2005年初夏頃だったと思う、車の中で私は妻にぽつりといった。

いつも私はビジネスの話になると夢中で、儲け話が舞い込んでくると妻に話した。
そして、いやな顔ひとつせず(ねむそうな顔は600回くらいしていたが)
私の話を妻は聞いてくれた。
話すことで、頭が整理され様々なメリットデメリットが見えた。

でも、夢は膨らんではしぼんでいくことが続いていた。

その中で、残った夢がアパート経営。
かねてから学生向けアパートのアイデアがあり、そのアイデアを実現したかったのだ。

ある夜、いつものようにインターネットで物件探しをしていた。
道内の不動産屋のHP内のある物件情報が目にとまった。
1億や5000万円などの高額な不動産の中にその物件があった。

北海道室蘭市の学生街に在るアパートだ。
「鉄骨3階建て18戸・1500万円!・表面利回り23パーセント!」
とあるではないか!

妻は「(明日まで)売れないといいわね。」
と1500円のスーパーのセール品のようにけろっと言う。
私は、その夜興奮をおさえつつ床についた。

そして、次の日に早起きをしてそのアパートを見に行くために車に乗り込んだ。


続く・・・

 
 <第二回> 「初恋のあの人は魔物 〜2005年6月中旬 丘の上に23歳のあの人が〜」
 
業者・大家との約束時間前に事前に我々だけで物件を見ておきたかった。

私はアクセルを強めに踏んだ。

テンションが高くなっているのが分かる。
初めての下見。写真でしか知らない恋人に、、、会いに行く思いといったらいいのか。

この坂を上りきった丘に、白亜の夢の物件が・・・・

あるはずだった。

違った。

いったい、あのインターネットの写真は、だれがどうやって撮ったのだろう?
何か賞でも贈ってあげたくなるくらい、すてきだった。でも実物のアパートは違ったのだ。

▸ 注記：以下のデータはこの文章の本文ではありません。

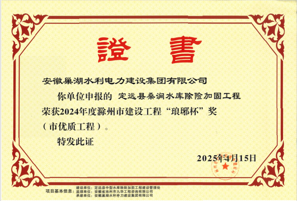 定遠桑澗水庫除險加固工程榮獲“瑯琊杯”
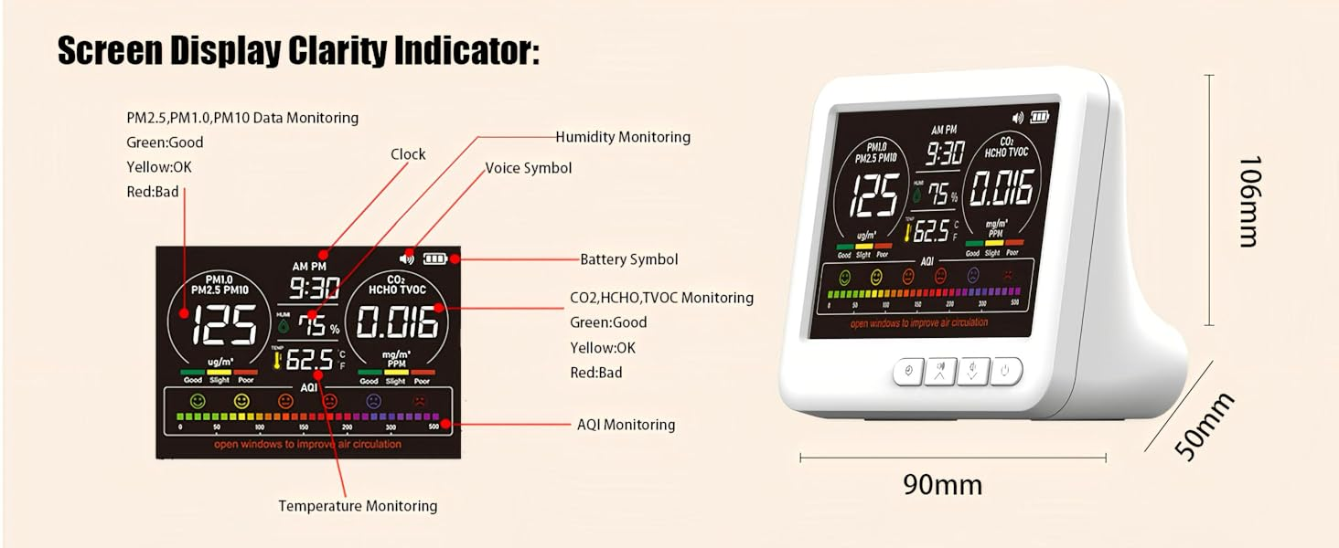 【نظام استشعار عالي الدقة وشاشة كبيرة عالية الدقة】: يقوم نظام الاستشعار عالي الدقة بجمع وتحليل بيانات الهواء بشكل مستمر كل 3 ثوانٍ، مما يوفر لك تحديثات مستمرة حول جودة الهواء في مساحتك. تعمل الشاشة الملونة الواضحة والمتقدمة على تحسين إمكانية القراءة وتضيف لمسة من الرقي إلى بيئتك.
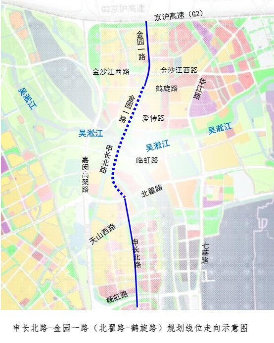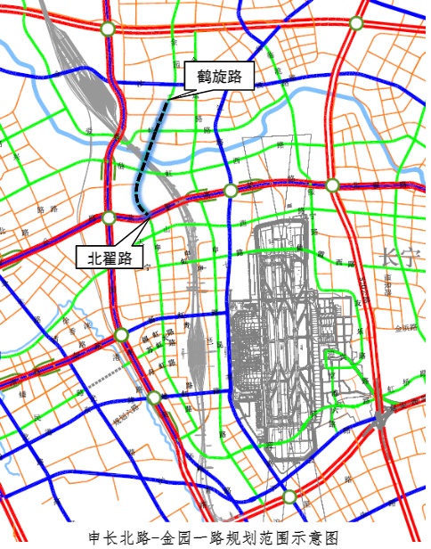 申长北路-金园一路是虹桥地区南北向干路,是虹桥商务区与嘉定区江桥镇交通出行的主要道路。
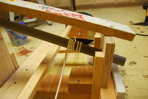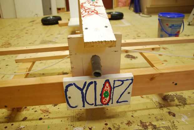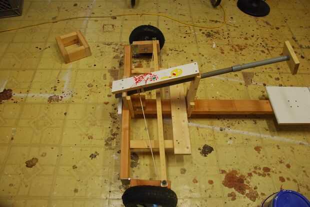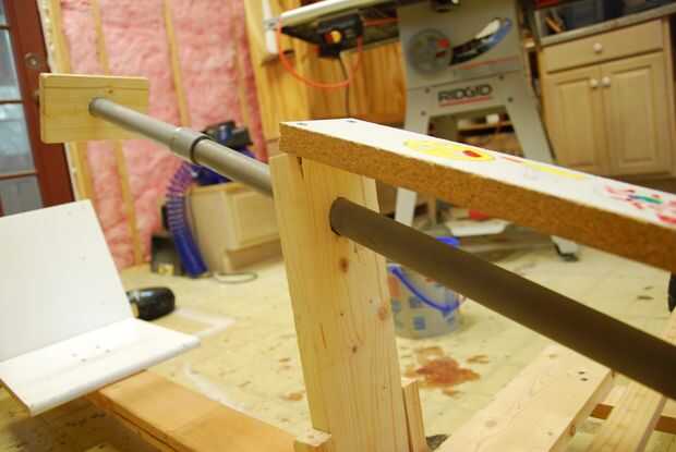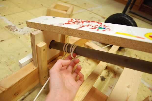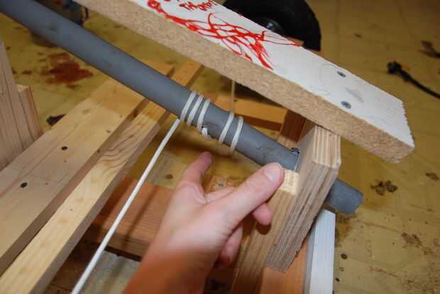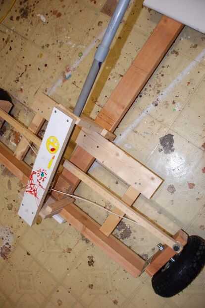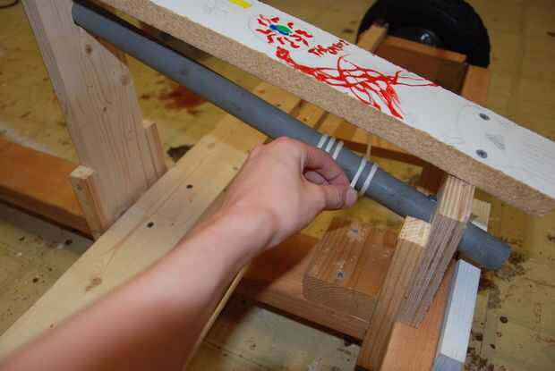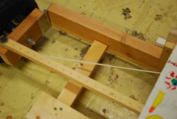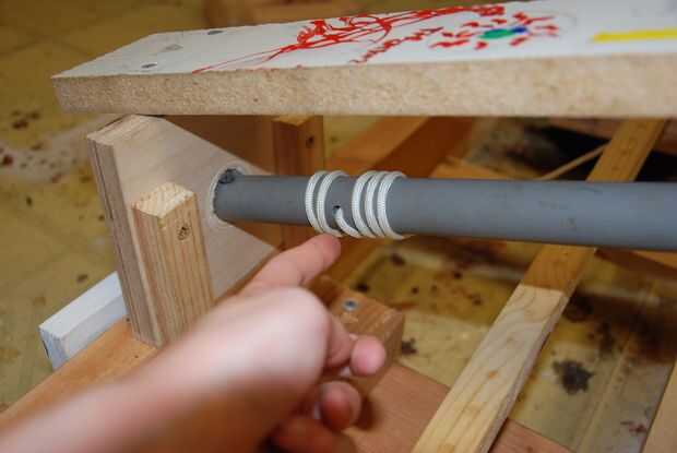 Para el manejo dan unos 2 por 4 y cortar 3 piezas, una de 40 pulgadas de largo (3' 4") y dos piezas 7 pulgadas de largo. Tomar siguiente usted puerta bisagras y montar a cada lado de los 2 más de largo por 4, luego conectarlos en los pedazos más pequeños de 2 por 4. A continuación tome una longitud de madera de desecho que es suficiente para conectar los pedazos más pequeños y perfore un agujero de 3/8 de pulgada en ambos extremos. Luego perfore un agujero de 3/8 de pulgada en los extremos de ambos trozos pequeños de 2 por 4. A continuación inserte los pernos de 3/8 de pulgada por todos los orificios y atornille en su lugar. Para estos pasos, necesita mirar las fotos de referencia ya que es difícil de explicar. Perfore un pequeño agujero en la parte inferior de cada uno de los pedazos más pequeños de 2 por 4 lo suficientemente grande como para caber el paracord a través. El paracord a través del hilo de rosca y un nudo en el extremo. Ahora se refieren a las imágenes de cómo hacer los siguientes pasos. Después de haber completado estos pasos montar el mecanismo de dirección en el cuerpo. Para el volante tomé un trozo de madera y perforar un agujero de 3/4" en el centro con un taladro, luego con un mazo golpea sobre el tubo de PVC. Usted podría hacer lo que quieras para el volante mientras trabaja.
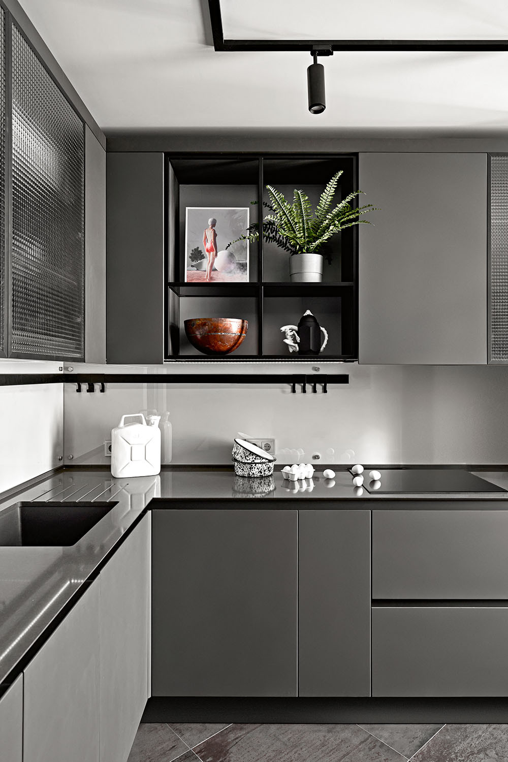 Интерьер квартиры с простой и логичной объёмно-пространственной композицией минималистичен. Декор и предметы искусства объединены общей идеей и намекают на некую фантастическую историю. Удачно найденный баланс разнообразных оттенков серого вне времени и никогда не выйдет из моды, как, впрочем, натуральные отделочные материалы и реализованные дизайнерские и технологические приёмы.
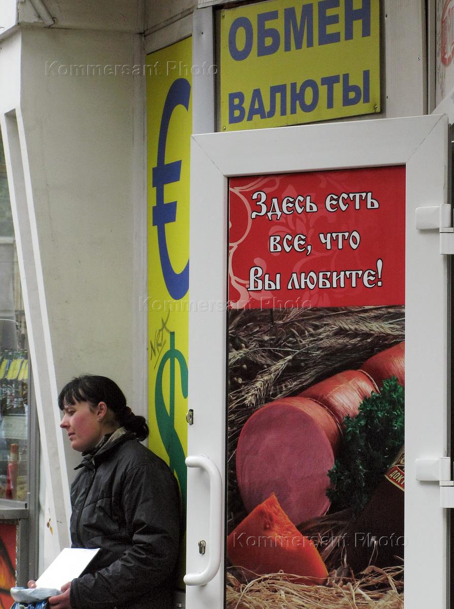 Жанровая фотография. Обменный пункт валюты и входная дверь в продовольственный магазин с рекламой…
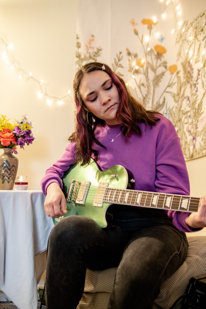Classically trained vocalist Anika Emily has taken her passion for vocals and harmonies to embark on a new journey of recording her first EP. While dropping her original dreams of being a choir teacher, Anika has channeled her passion for music and lyricism into forming her unique voice to fit the vibe of an indie-pop project. She expressed the trials and tribulations of finding her “voice,” while also showing herself grace, acknowledging that her voice will always be changing so it’s better to adapt with it, rather than resist it. I’ve had to “re-imagine literally every single that that I’ve ever sung to fit a new vocal tone,” she says. Personally I can hear the Midwestern indie-rock sad-girl influence on her voice and lyrics, so much that I’m deeming her the female Patrick Stump of our generation.
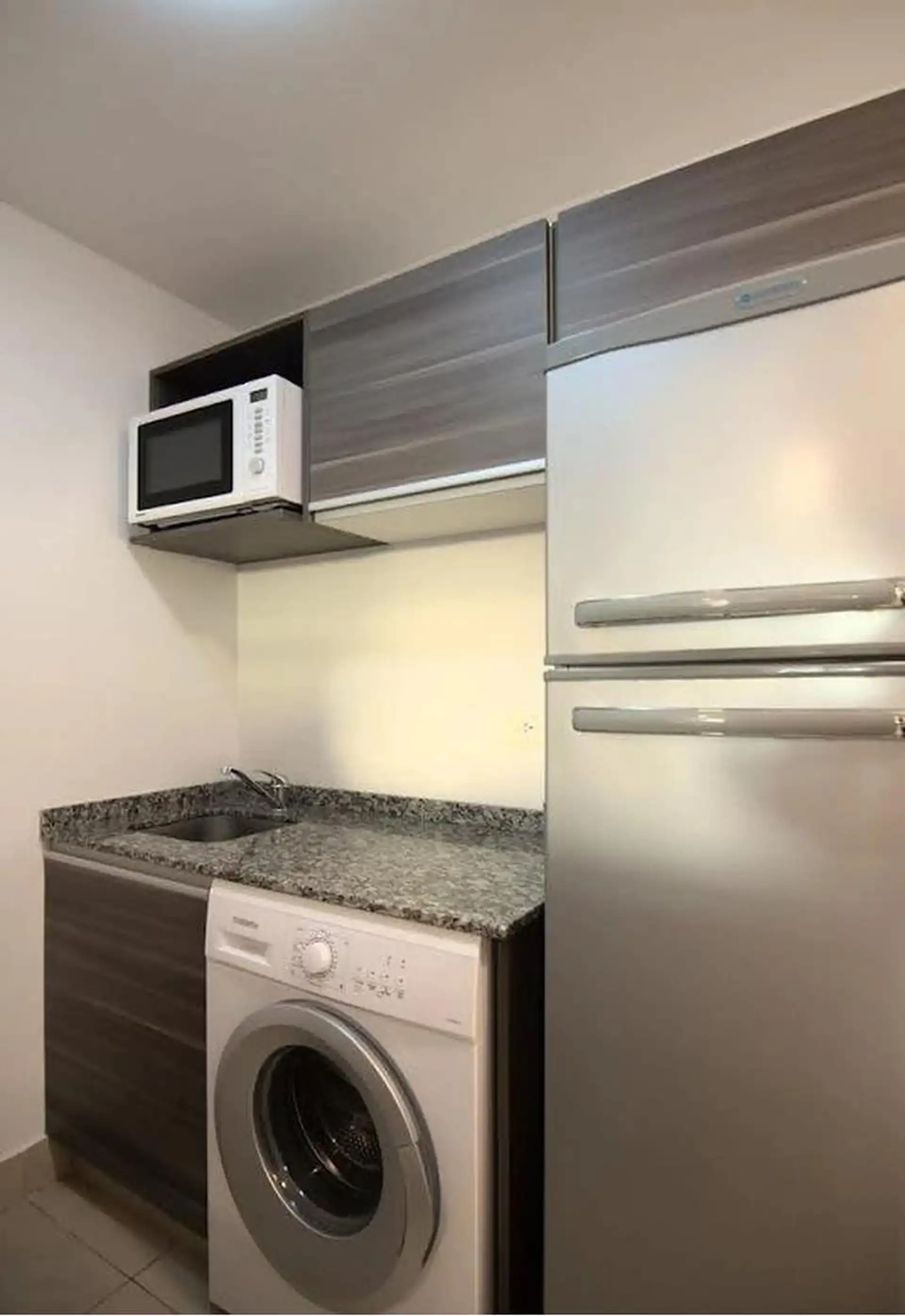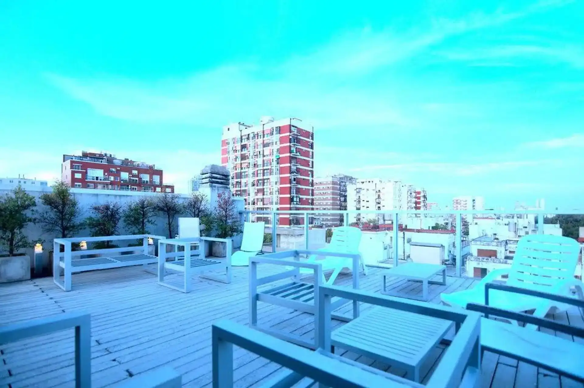 Furnished and equipped studio apartment for temporary rent in Colegiales. Hardwood floors, living-dining area with balcony, double queen bed, integrated kitchen with microwave and refrigerator with freezer, washing machine, full bathroom with bathtub, and air conditioning (heating and cooling). Includes WiFi heating, TV, and communal amenities: pool with solarium, rooftop terrace, grill and SUM. The rental price is all-inclusive with WiFi, with possible utility consumption caps. Capacity: 2 peop
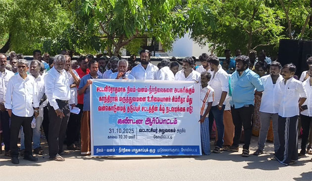 நீர்நிலைகள் பொது பாதையை சேதப்படுத்தியவர்கள் மீது நடவடிக்கை எடுக்க வலியுறுத்தி ஆர்ப்பாட்டம்!
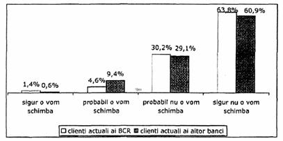 in general, clientii sunt fideli bancilor pe care le utilizeaza in prezent, mai mult de jumatate din ei declarand ca nu vor schimba banca cu care lucreaza. De asemenea, nici utilizarea unei alte banci decat cea folosita in prezent nu e vazuta ca probabila pentru viitor. Atunci cand utilizeaza mai mult decat o banca, clientii actuali ai BCR prefera utilizarea complementara a serviciilor BRD.

全面いっぱいに広がる波板トタン。アパートネームから数メートルにわたり白壁に長々と垂れるサビ。外廊下は、天井からペラペラペラペラ...と向こうまではげている白ペンキが風に揺れていた。階段も腐食が進み、裏から見ると光が漏れている。
2階に上がるとき、思わずそっと上がりました。こわさないように。

全面的に、何というか「住所不定無職者的緊急修理必須倒壊危惧物件」に指定したくなる雰囲気を漂わせていた。

「いやあ、やりがいあるねえ。」
妻の、ちょっと泣きそうな気配を感じた私はとっさに言った。

後で聞いたら、そんな僕を「すごい!」と思ってくれたそう。
でも実は、僕だって泣きたかったです。


続く・・・

 
 <第三回> 「初恋に散った私・・・でも、」
 
室蘭の物件のあまりの「魔窟」さに驚いた私たちは、帰りたくなるのをがまんして、きっとムダになるだろう物件の内見に参加した。

中を見ると、
「いやあ、ここはいいよ。」
「はい。年数感じさせないくらいきれいですね。
全部オーナーさんがそうじされたのですか。」
「そうだ。ここなら風も入らないし。端っこの部屋だと寒いしね。」
「???」
不動産会社さんのほうが、苦笑しながら割り込む。
「大家さん、こちらの方は、部屋を借りたいんじゃなく物件購入希望ですが。」
「ああーそうなら、話が変わります!!」という大家さんの反応。

というわけで、ジャケット着ていったのに、まったく賃借人にしか見えない私たち。
悲しくなりながら、相槌だけはいっぱいうって、内見終了。

買う私たちはあまりの魔窟さに買う気がないし、売るほうも私たちを賃借人に間違えるし、仲介もこんなやつが買うのか?
という感じだし、三者みんなやる気ない内見であった。

しかし、捨てる神あれば・・・のたとえあり。帰ってからいつものようにメールを開いてみると興味深い情報が来ていた。
「函館市内に、大学近辺の物件あります。築16年、8戸のうち2戸空き。」
でも、実質利回り15パーセント。表面は17パーセント後半というではないか。
添付写真は、慎重に見ても、室蘭の数百倍はよく見えた。しゃれた白の格子窓。
壁塗装時期が来ている、という情報も、包み隠さず教えてくれる親切なメール。
週末、さっそく現地へ。

2回目となり、装いも一新。
メジャー、メモ帳電卓など、一揃え用意し、事前に壁や、直近の修理代の見積もりをお願いしておく用意周到さ。
さらに、仲介業者の方も、親切ていねい。
私たちは予定の15分も前に待ち合わせ場所に着いたが、すでに待っていた。
30分前くらいからいたそう。説明もていねい。

買うときは、3割の現金(頭金)が必要か?と私が聞くと、
「いや、欲言えは1割でいきたいですね。」と、その業者さんは答える。
「えっ、もっとだせますが。」と私が切り返したところ
「現金はなるべく使わないほうがいいです。なんとかしますから。」

というように、こちらの立場にたって答えてくれるのだ。
フィーはとらずに物件管理、立会いや退去、督促みんなやってくれるとのこと。

督促の思い出話なども聞かせていただき、すっかり意気投合。
熟慮の上、初の買い付け証明書を出すことに・・・

 
 <第四回> 「素人魂」
 
函館で気に入った物件は、木造2階建て築14年、価格は1400万円であった。
買い付け証明は、壁塗装費用を考え、50万円引きの1350万円で出した。
さらに、相手に、単に買い叩いたわけでないことを分かってもらうために、壁の塗装費用の見積もり明細を付けた上、異例の「お手紙」まで書いた。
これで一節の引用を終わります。